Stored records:
-------------------------

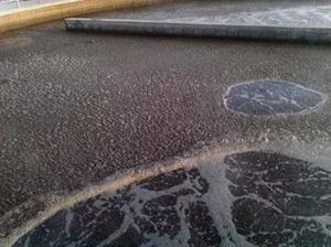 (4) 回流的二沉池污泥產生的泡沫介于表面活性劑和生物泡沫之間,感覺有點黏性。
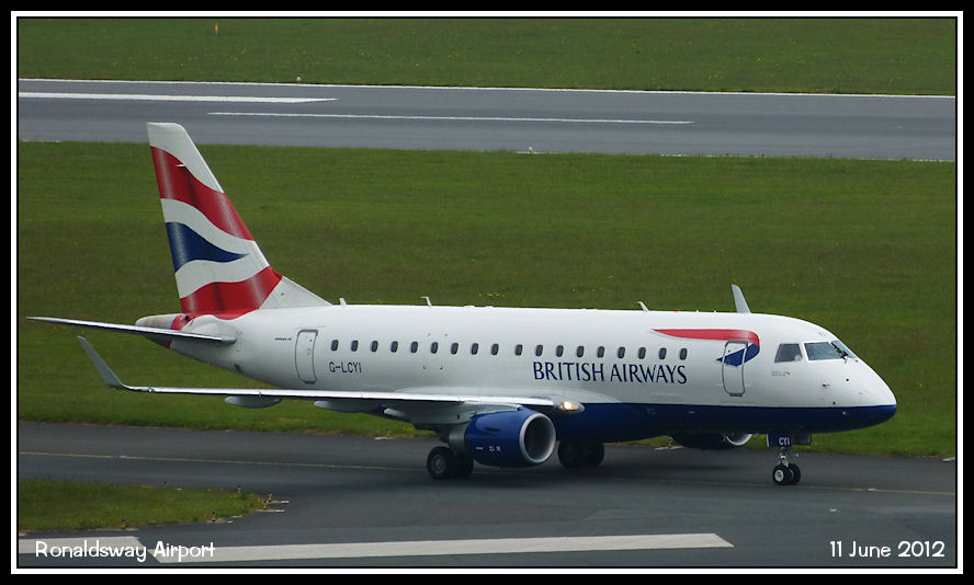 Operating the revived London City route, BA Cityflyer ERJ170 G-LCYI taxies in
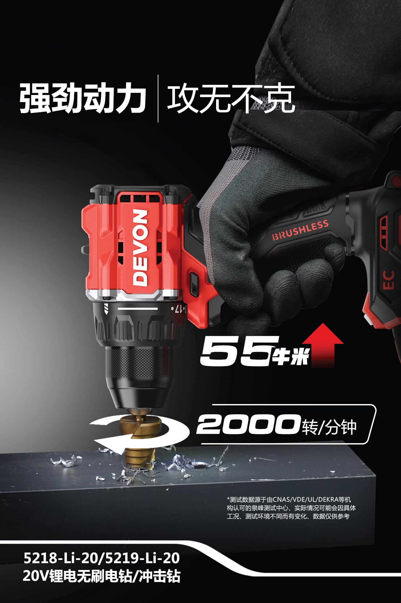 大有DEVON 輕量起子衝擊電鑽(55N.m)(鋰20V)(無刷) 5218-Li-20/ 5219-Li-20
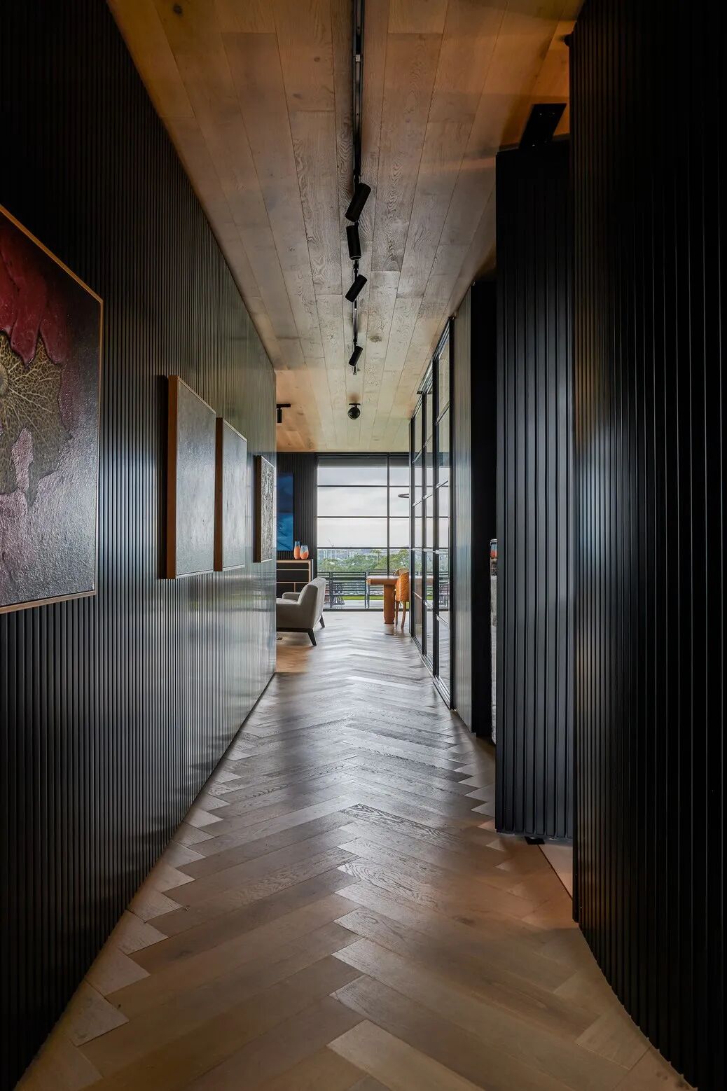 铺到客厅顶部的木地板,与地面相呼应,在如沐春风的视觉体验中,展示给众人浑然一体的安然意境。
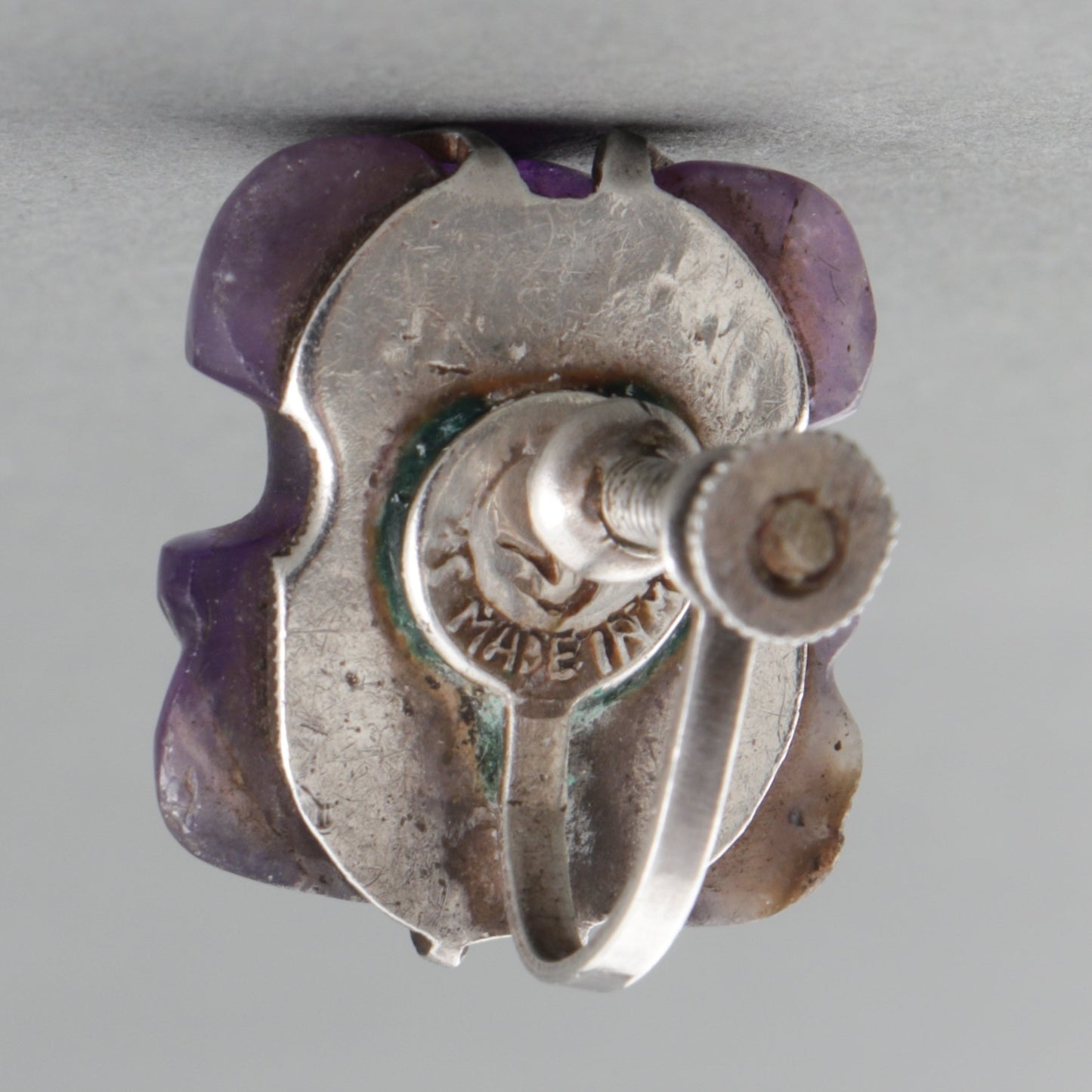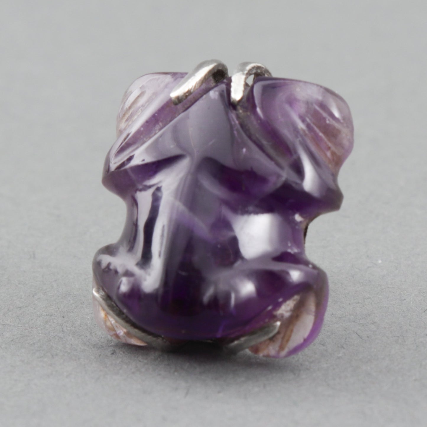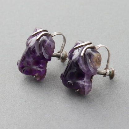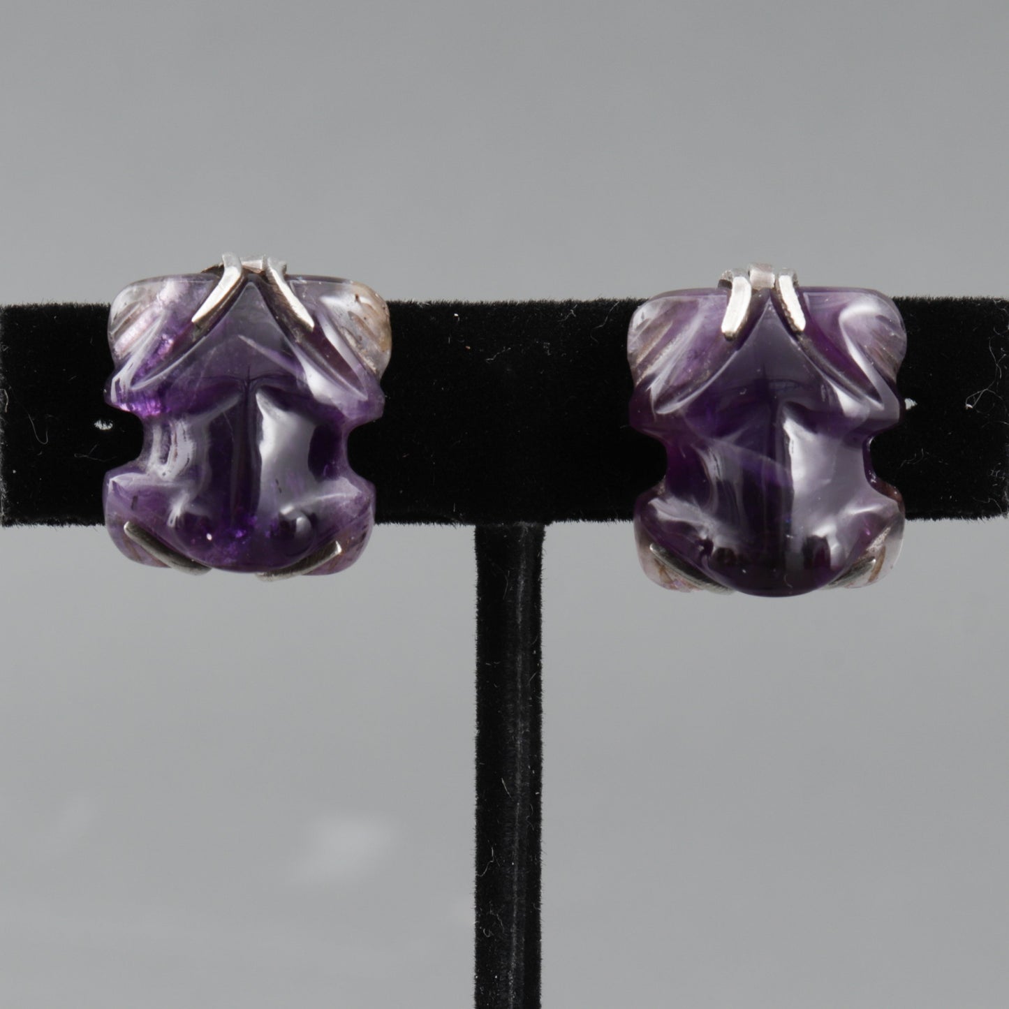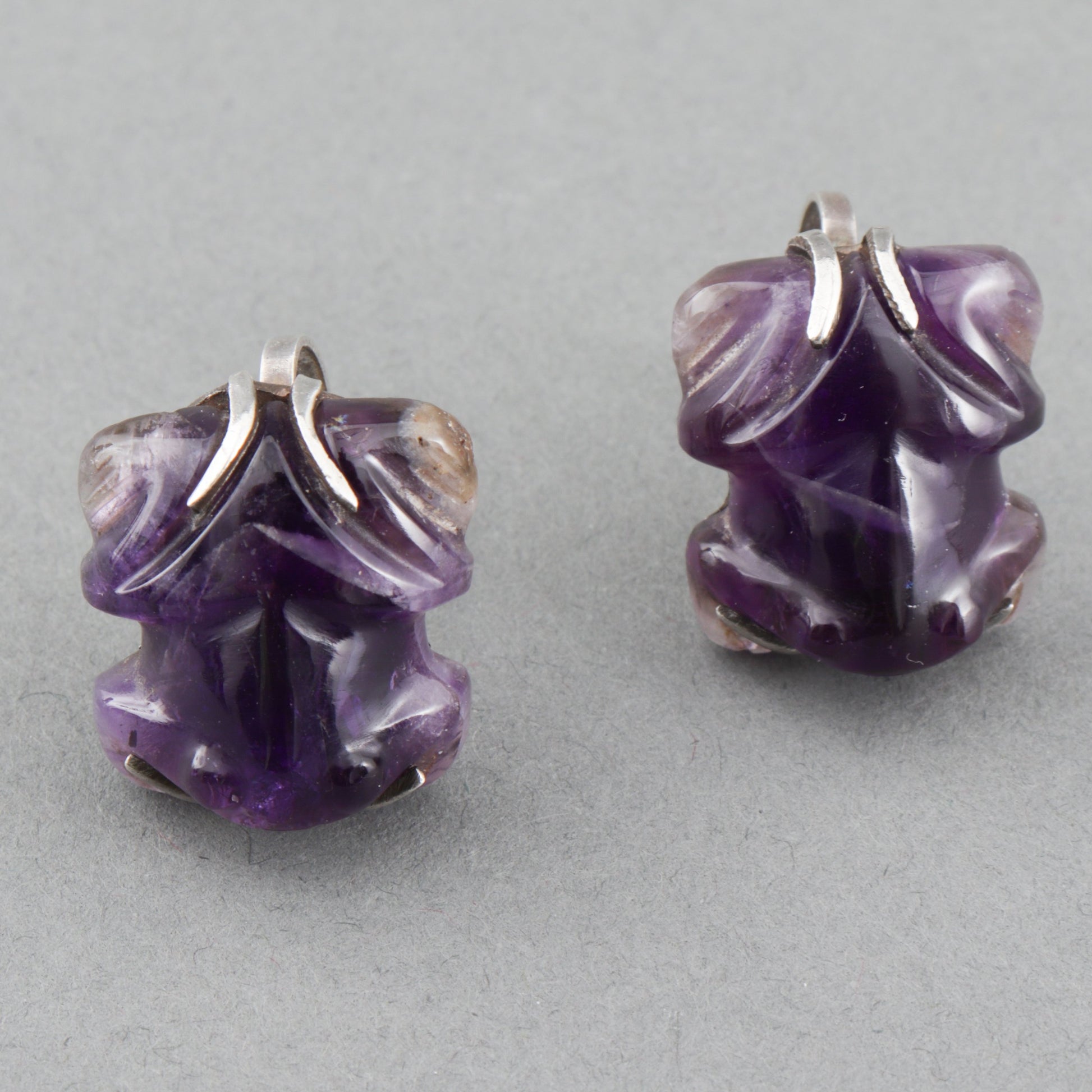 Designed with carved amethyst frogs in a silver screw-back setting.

-------------------------

(What this task involves) Extract only the lines from the one that contains "大有DEVON 輕量起子衝擊電鑽(55N.m)(鋰20V)(無刷) 5218-Li-20/" through the end of the records, inclusive, and omit every picture.

(Solution to this exercise)
 大有DEVON 輕量起子衝擊電鑽(55N.m)(鋰20V)(無刷) 5218-Li-20/ 5219-Li-20
 铺到客厅顶部的木地板,与地面相呼应,在如沐春风的视觉体验中,展示给众人浑然一体的安然意境。
 Designed with carved amethyst frogs in a silver screw-back setting.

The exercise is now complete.